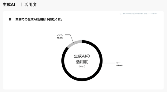 業務における生成AIの活用経験者は、回答者の約9割に上った。
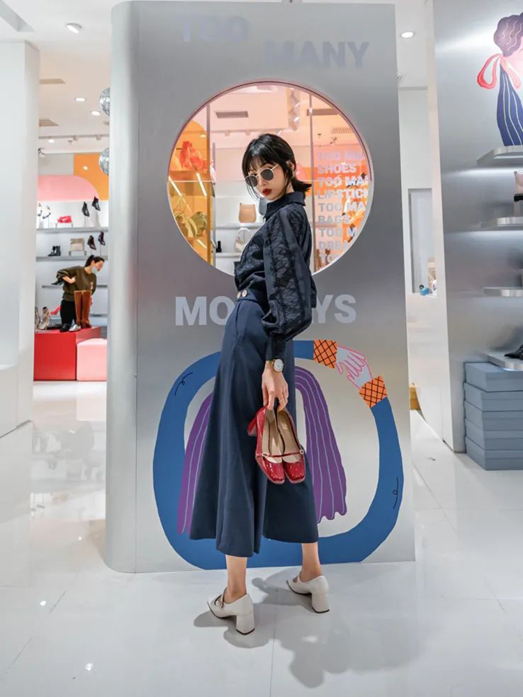 每個季度,TooManyShoes都會跟不同的藝術(shù)家跨界合作打造聯(lián)名款,把藝術(shù)變成逛街的重要組成部分。這一次,TooManyShoes X 孫佳藝聯(lián)名藝術(shù)pop-up店落戶魔都,方寸之間,果然都是滿滿的驚喜。靚麗的橙黃色搭配淡雅炫目白,目之所及都被美鞋填滿,墻上還鋪著可愛又有童趣的藝術(shù)家聯(lián)名插畫,仿佛誤入一間專屬于鞋履的趣味博物館。
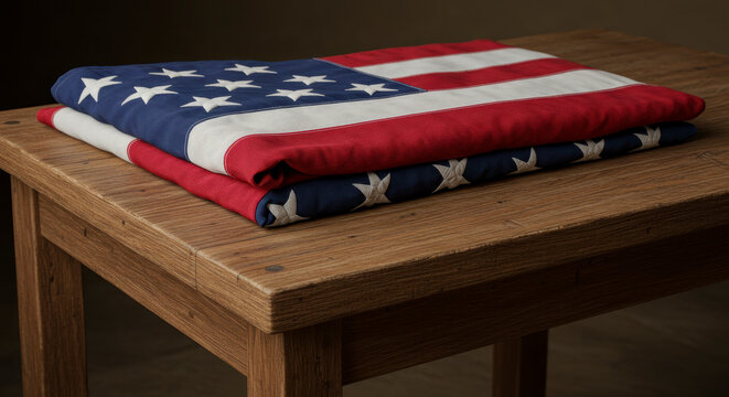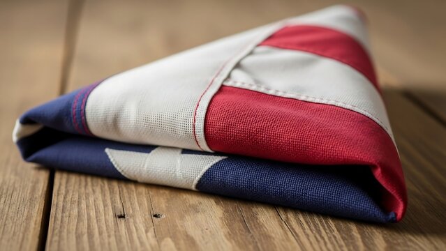 Folded American Flag on Wooden Surface - Symbol of Patriotism.
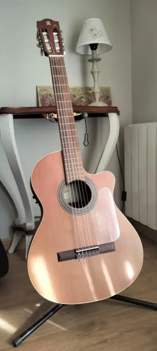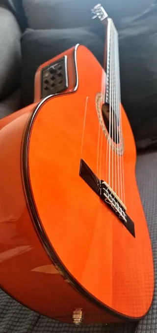 Guitarra clásica con opción de amplificación. Ideal para quienes buscan versatilidad en su sonido. Como nueva. Sin golpes ni roces. Regalo funda. - Cuerpo de madera con cutaway. - Mástil de madera. - Diapasón con trastes. Sólo trato en mano.
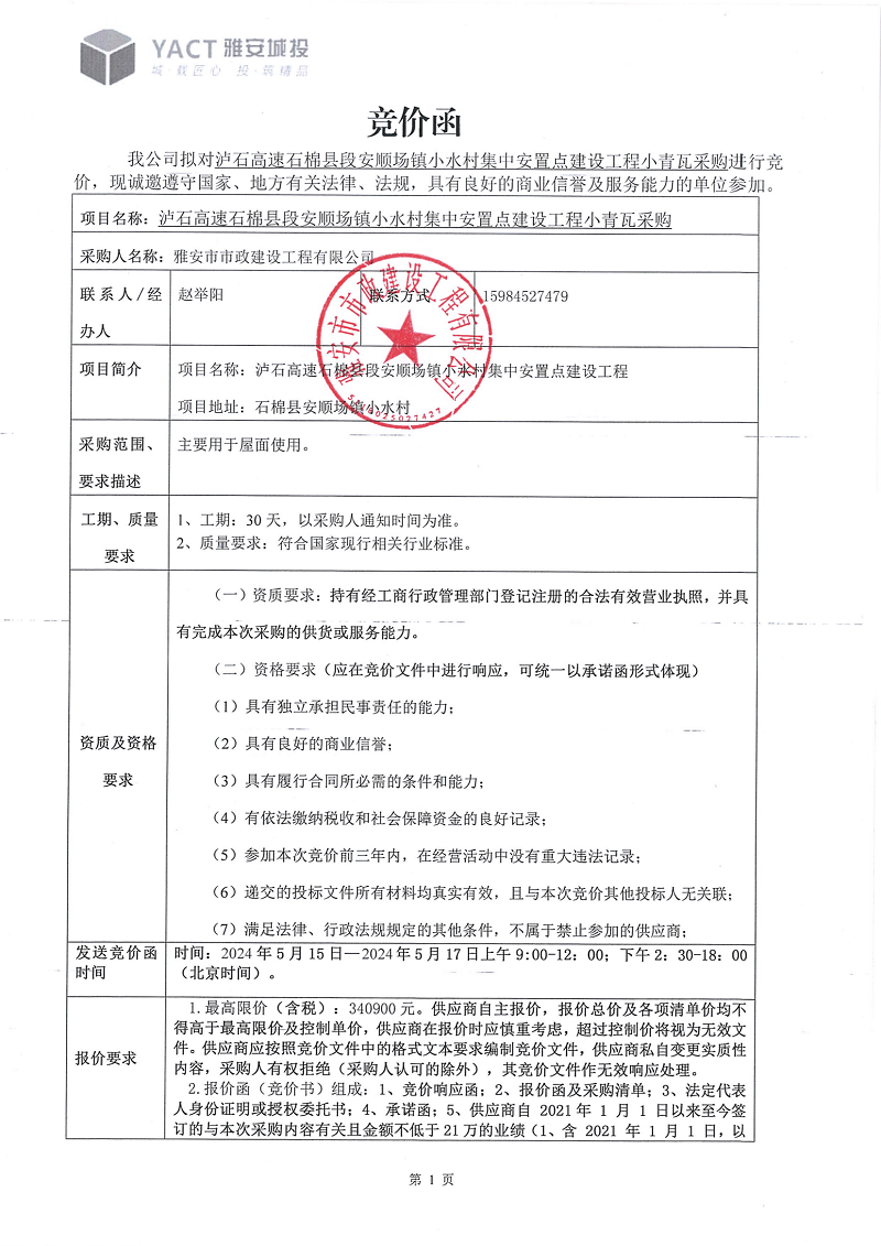 瀘石高速石棉縣段安順場鎮(zhèn)小水村集中安置點(diǎn)建設(shè)工程項目施工瓦片采購競價公告
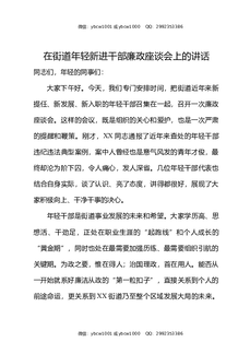 在街道年轻新进干部廉政座谈会上的讲话.docx
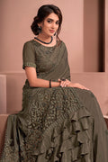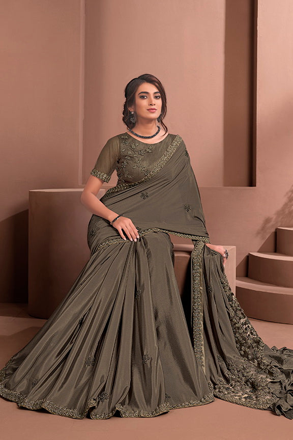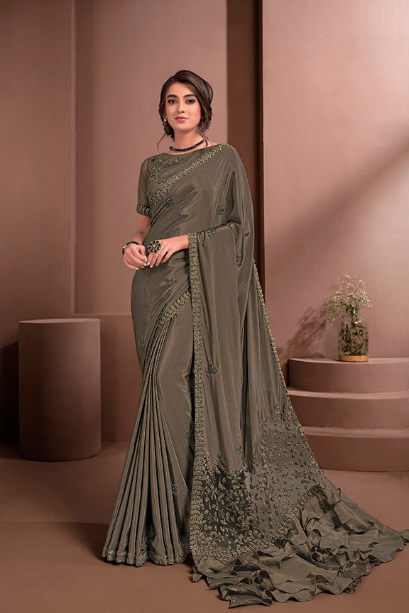 Brown Colored Crepe Embroidered Saree With Unstitched Blouse
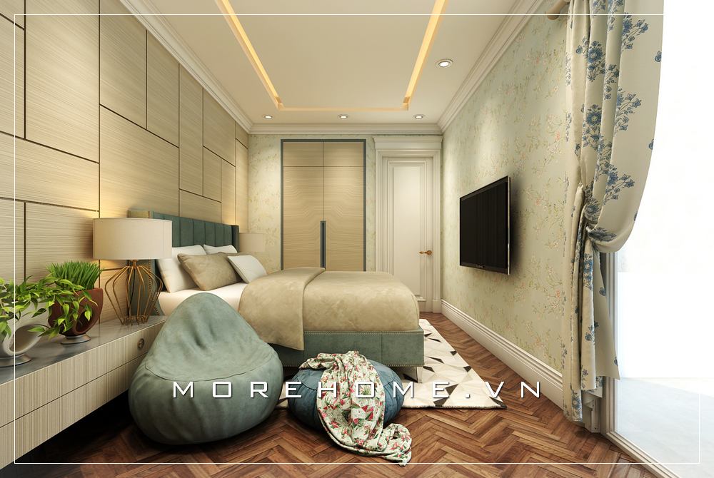 Thiết kế nội thất giường ngủ tân cổ điển ấn tượng, các họa tiết hoa văn được chạm khắc đơn giản không quá cầu kỳ, màu sắc nhẹ nhàng tinh tế mang lại sự sang trọng cũng như đẳng cấp của chủ nhân
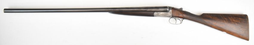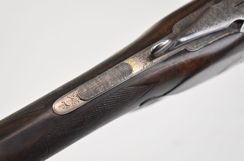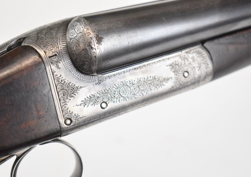 Mortimer & Son 12 bore side by side ejector shotgun with engraved locks, trigger guard, underside, top plate, thumb lever and fences, chequered grip and forend, carved teardrop to the wrist, vacant cartouche to the underside of the stock, double trigger and named 30 inch Damascus barrels choked ¾ and improved cylinder, overall length 118.5cm, length of pull 37.5cm, serial number 7349. PLEASE NOTE THAT A VALID RELEVANT SHOTGUN CERTIFICATE IS REQUIRED TO VIEW OR PURCHASE THIS LOT AND FOR ALL SHOTGUNS OR RIFLES. PLEASE ENSURE YOU HAVE THE RELEVANT CERTIFICATE BEFORE BIDDING.
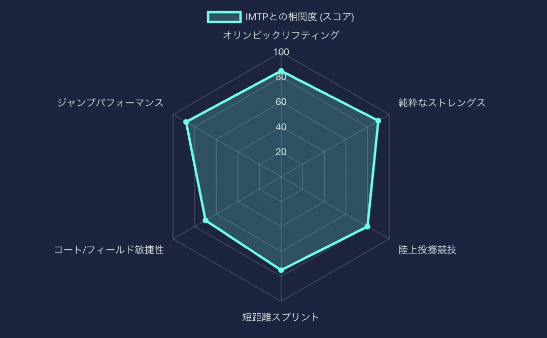 下記レポートが示すように、IMTPデータは、オリンピックリフティングや短距離スプリント、ジャンプといった多岐にわたるパフォーマンスと強い相関関係を持ちます。これは、IMTPが身体の基本的な筋力と爆発力を包括的に評価できる汎用性の高いツールであることを意味します。
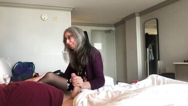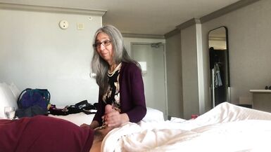 . A inexperienced man is masturbating in his hotel room when his Mom's friend walks in. He asks her to help him masturbate and she gives him a hand job to completion. Then she cleans him up.
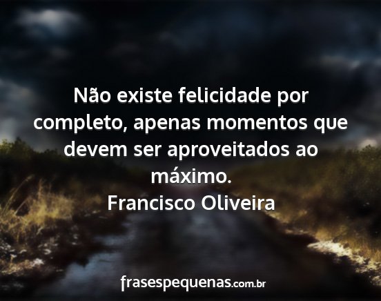Não existe felicidade por completo, apenas momentos que devem ser aproveitados ao máximo.Francisco Oliveira
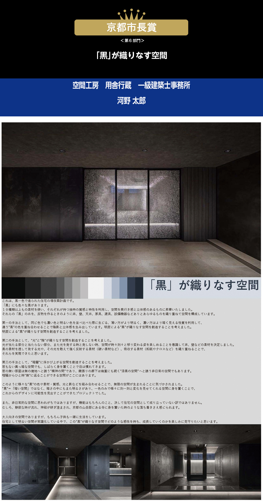 世界中のマテリアルから厳選した15以上の材料と20以上の黒色を使用して空間を構成しています。
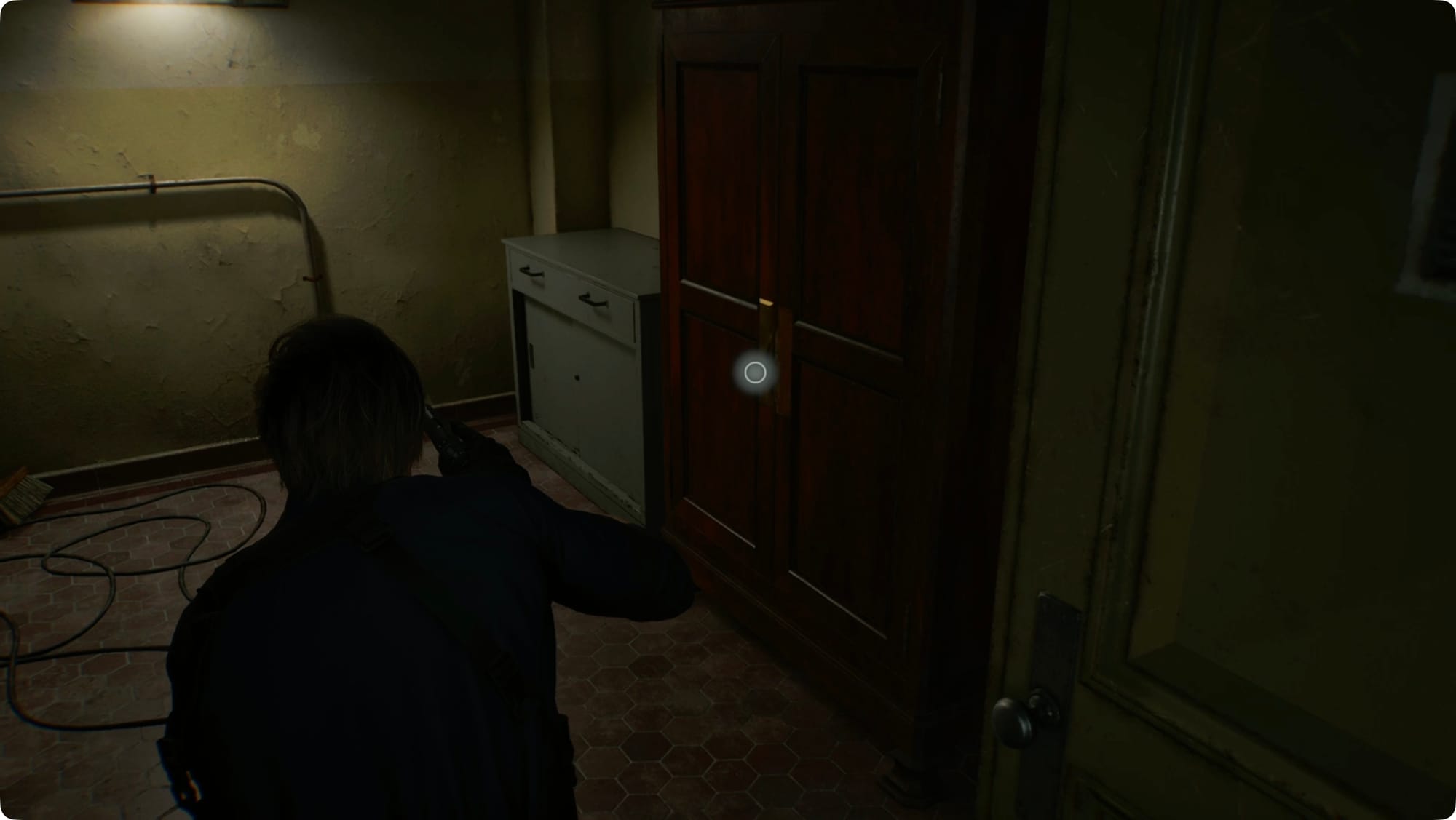 Der nächste Kleiderschrank befindet sich im Raum neben dem Aktenraum. Darin befinden sich ein Med Injector und etwas Handfeuerwaffenmunition.

------------------------------------------------------------------------

_Work to be completed_:
The lines to reproduce run from the one above containing "Thiết kế nội" through the one containing "下記レポートが示すように、I". Copy them exactly and leave out all pictures.

_Your response_:
 Thiết kế nội thất giường ngủ tân cổ điển ấn tượng, các họa tiết hoa văn được chạm khắc đơn giản không quá cầu kỳ, màu sắc nhẹ nhàng tinh tế mang lại sự sang trọng cũng như đẳng cấp của chủ nhân
 Mortimer & Son 12 bore side by side ejector shotgun with engraved locks, trigger guard, underside, top plate, thumb lever and fences, chequered grip and forend, carved teardrop to the wrist, vacant cartouche to the underside of the stock, double trigger and named 30 inch Damascus barrels choked ¾ and improved cylinder, overall length 118.5cm, length of pull 37.5cm, serial number 7349. PLEASE NOTE THAT A VALID RELEVANT SHOTGUN CERTIFICATE IS REQUIRED TO VIEW OR PURCHASE THIS LOT AND FOR ALL SHOTGUNS OR RIFLES. PLEASE ENSURE YOU HAVE THE RELEVANT CERTIFICATE BEFORE BIDDING.
 下記レポートが示すように、IMTPデータは、オリンピックリフティングや短距離スプリント、ジャンプといった多岐にわたるパフォーマンスと強い相関関係を持ちます。これは、IMTPが身体の基本的な筋力と爆発力を包括的に評価できる汎用性の高いツールであることを意味します。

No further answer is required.